WORK ORDER
Copy out all of the lines below exactly; the pictures do not belong in the copy.

GIVEN INFORMATION
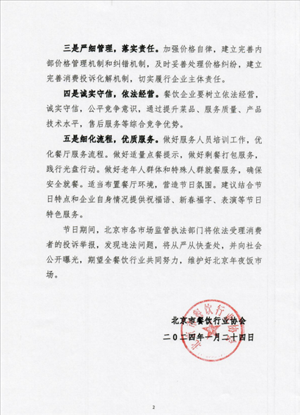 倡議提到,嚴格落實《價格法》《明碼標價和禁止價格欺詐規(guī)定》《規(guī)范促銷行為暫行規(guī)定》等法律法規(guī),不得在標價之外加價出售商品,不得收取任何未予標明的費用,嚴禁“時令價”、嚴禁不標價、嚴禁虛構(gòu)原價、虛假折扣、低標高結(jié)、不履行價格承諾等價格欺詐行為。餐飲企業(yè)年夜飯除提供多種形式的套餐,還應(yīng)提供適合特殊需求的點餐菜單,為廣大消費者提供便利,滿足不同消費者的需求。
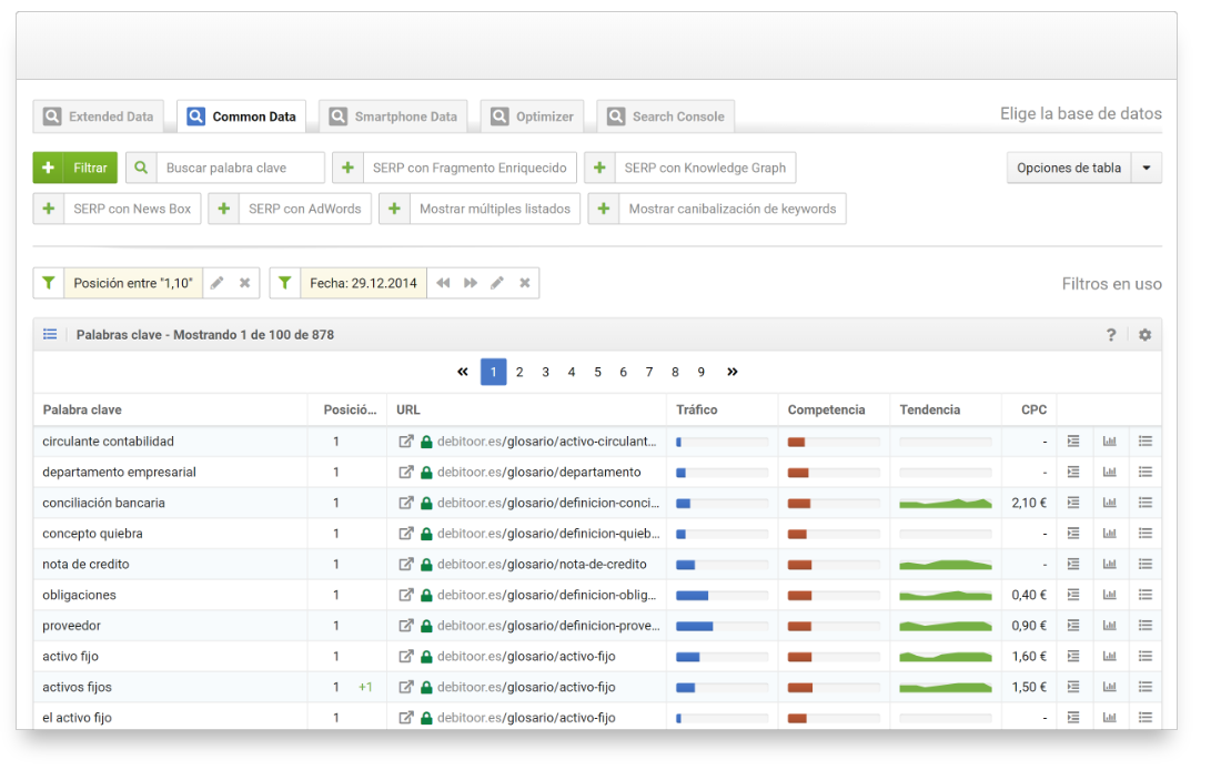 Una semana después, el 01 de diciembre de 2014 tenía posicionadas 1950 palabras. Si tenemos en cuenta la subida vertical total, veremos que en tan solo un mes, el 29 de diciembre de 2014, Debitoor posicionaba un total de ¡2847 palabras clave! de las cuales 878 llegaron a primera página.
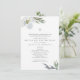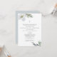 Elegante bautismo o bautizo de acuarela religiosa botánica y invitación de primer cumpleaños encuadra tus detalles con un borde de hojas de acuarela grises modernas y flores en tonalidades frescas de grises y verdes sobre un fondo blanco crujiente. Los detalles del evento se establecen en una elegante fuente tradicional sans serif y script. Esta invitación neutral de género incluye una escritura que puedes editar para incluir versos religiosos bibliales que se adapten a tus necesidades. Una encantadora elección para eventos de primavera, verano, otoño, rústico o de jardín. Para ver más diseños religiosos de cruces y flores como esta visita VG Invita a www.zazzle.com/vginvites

TASK SOLUTION
 倡議提到,嚴格落實《價格法》《明碼標價和禁止價格欺詐規(guī)定》《規(guī)范促銷行為暫行規(guī)定》等法律法規(guī),不得在標價之外加價出售商品,不得收取任何未予標明的費用,嚴禁“時令價”、嚴禁不標價、嚴禁虛構(gòu)原價、虛假折扣、低標高結(jié)、不履行價格承諾等價格欺詐行為。餐飲企業(yè)年夜飯除提供多種形式的套餐,還應(yīng)提供適合特殊需求的點餐菜單,為廣大消費者提供便利,滿足不同消費者的需求。
 Una semana después, el 01 de diciembre de 2014 tenía posicionadas 1950 palabras. Si tenemos en cuenta la subida vertical total, veremos que en tan solo un mes, el 29 de diciembre de 2014, Debitoor posicionaba un total de ¡2847 palabras clave! de las cuales 878 llegaron a primera página.
 Elegante bautismo o bautizo de acuarela religiosa botánica y invitación de primer cumpleaños encuadra tus detalles con un borde de hojas de acuarela grises modernas y flores en tonalidades frescas de grises y verdes sobre un fondo blanco crujiente. Los detalles del evento se establecen en una elegante fuente tradicional sans serif y script. Esta invitación neutral de género incluye una escritura que puedes editar para incluir versos religiosos bibliales que se adapten a tus necesidades. Una encantadora elección para eventos de primavera, verano, otoño, rústico o de jardín. Para ver más diseños religiosos de cruces y flores como esta visita VG Invita a www.zazzle.com/vginvites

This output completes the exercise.